| WORK REQUEST |
Write out the lines of the material below exactly, beginning at the line with "Picture2. Appearance of" and stopping after the line with "Perrine's Bridge Portal", and leave out the pictures.

[PROVIDED INFORMATION — start]

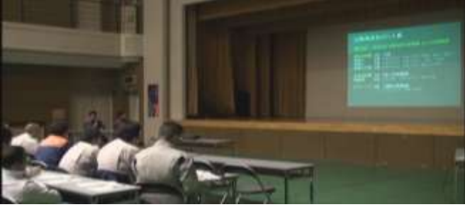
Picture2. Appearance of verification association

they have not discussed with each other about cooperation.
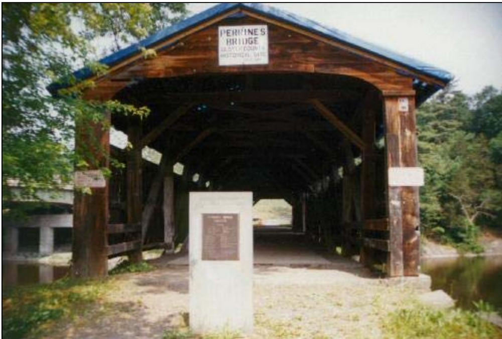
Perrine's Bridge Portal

[PROVIDED INFORMATION — finish]
[PROVIDED INFORMATION — start]

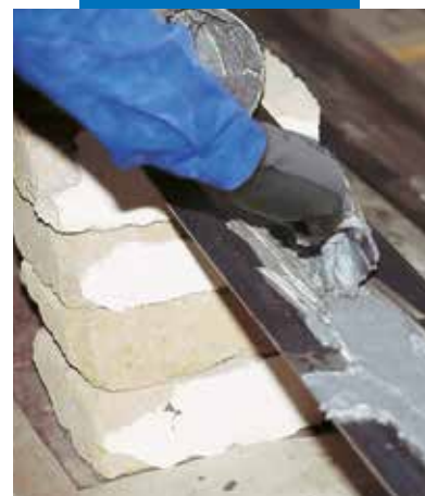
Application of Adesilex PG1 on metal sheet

[PROVIDED INFORMATION — finish]

| REPLY TO THE TASK |
Picture2. Appearance of verification association

they have not discussed with each other about cooperation.
Perrine's Bridge Portal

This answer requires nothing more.